→ **Stored data**
· · ·

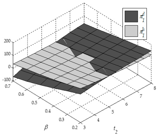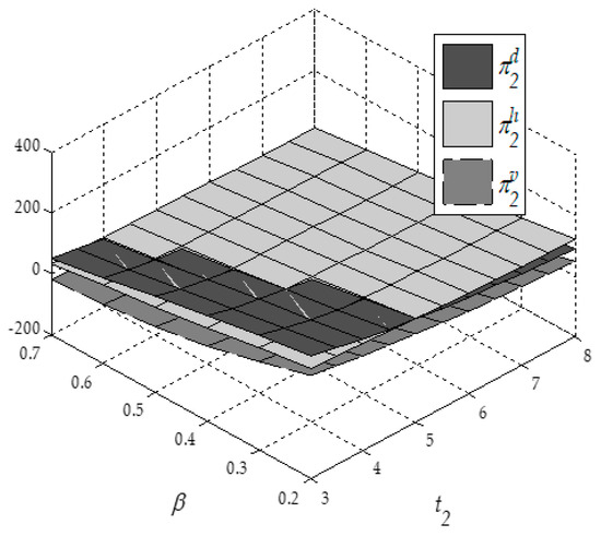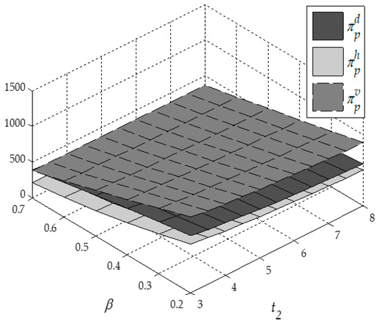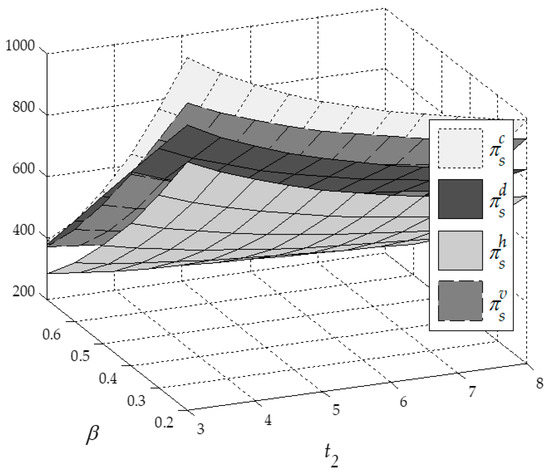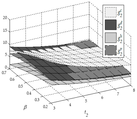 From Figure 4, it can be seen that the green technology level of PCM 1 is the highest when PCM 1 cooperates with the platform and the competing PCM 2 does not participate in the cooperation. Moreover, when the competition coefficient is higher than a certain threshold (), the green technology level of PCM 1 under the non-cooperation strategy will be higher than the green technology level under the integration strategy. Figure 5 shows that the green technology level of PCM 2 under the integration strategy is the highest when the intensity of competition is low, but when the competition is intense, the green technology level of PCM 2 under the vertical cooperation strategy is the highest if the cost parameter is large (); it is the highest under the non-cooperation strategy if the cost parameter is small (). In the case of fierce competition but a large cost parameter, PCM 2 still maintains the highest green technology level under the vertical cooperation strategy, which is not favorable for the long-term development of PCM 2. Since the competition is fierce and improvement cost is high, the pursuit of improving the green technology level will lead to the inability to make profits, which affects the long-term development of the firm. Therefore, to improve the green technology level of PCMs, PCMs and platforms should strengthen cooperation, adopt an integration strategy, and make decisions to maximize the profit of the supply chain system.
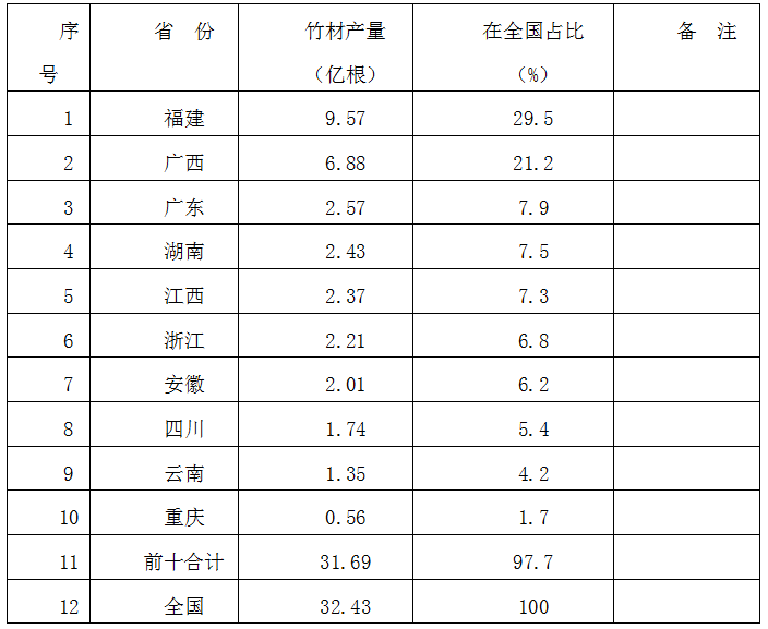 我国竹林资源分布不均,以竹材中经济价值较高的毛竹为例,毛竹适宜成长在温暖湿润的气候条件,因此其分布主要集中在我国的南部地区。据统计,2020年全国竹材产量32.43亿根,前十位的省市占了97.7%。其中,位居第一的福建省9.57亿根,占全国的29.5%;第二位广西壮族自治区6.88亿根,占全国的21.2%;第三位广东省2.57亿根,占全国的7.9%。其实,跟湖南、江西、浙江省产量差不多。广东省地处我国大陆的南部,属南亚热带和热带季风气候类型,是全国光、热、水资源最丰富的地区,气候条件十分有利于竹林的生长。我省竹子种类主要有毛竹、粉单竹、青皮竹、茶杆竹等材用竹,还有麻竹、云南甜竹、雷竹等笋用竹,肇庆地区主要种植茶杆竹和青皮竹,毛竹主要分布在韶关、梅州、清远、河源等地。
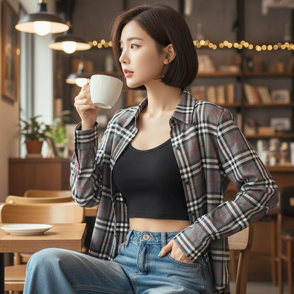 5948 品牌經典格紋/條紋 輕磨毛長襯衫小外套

· · ·

→ **Assignment**
Would you copy the lines from the one holding "我国竹林资源分布不均,以竹材" down to the last line of the material, both included, exactly and with nothing added, skipping the pictures?

→ **Your response**
 我国竹林资源分布不均,以竹材中经济价值较高的毛竹为例,毛竹适宜成长在温暖湿润的气候条件,因此其分布主要集中在我国的南部地区。据统计,2020年全国竹材产量32.43亿根,前十位的省市占了97.7%。其中,位居第一的福建省9.57亿根,占全国的29.5%;第二位广西壮族自治区6.88亿根,占全国的21.2%;第三位广东省2.57亿根,占全国的7.9%。其实,跟湖南、江西、浙江省产量差不多。广东省地处我国大陆的南部,属南亚热带和热带季风气候类型,是全国光、热、水资源最丰富的地区,气候条件十分有利于竹林的生长。我省竹子种类主要有毛竹、粉单竹、青皮竹、茶杆竹等材用竹,还有麻竹、云南甜竹、雷竹等笋用竹,肇庆地区主要种植茶杆竹和青皮竹,毛竹主要分布在韶关、梅州、清远、河源等地。
 5948 品牌經典格紋/條紋 輕磨毛長襯衫小外套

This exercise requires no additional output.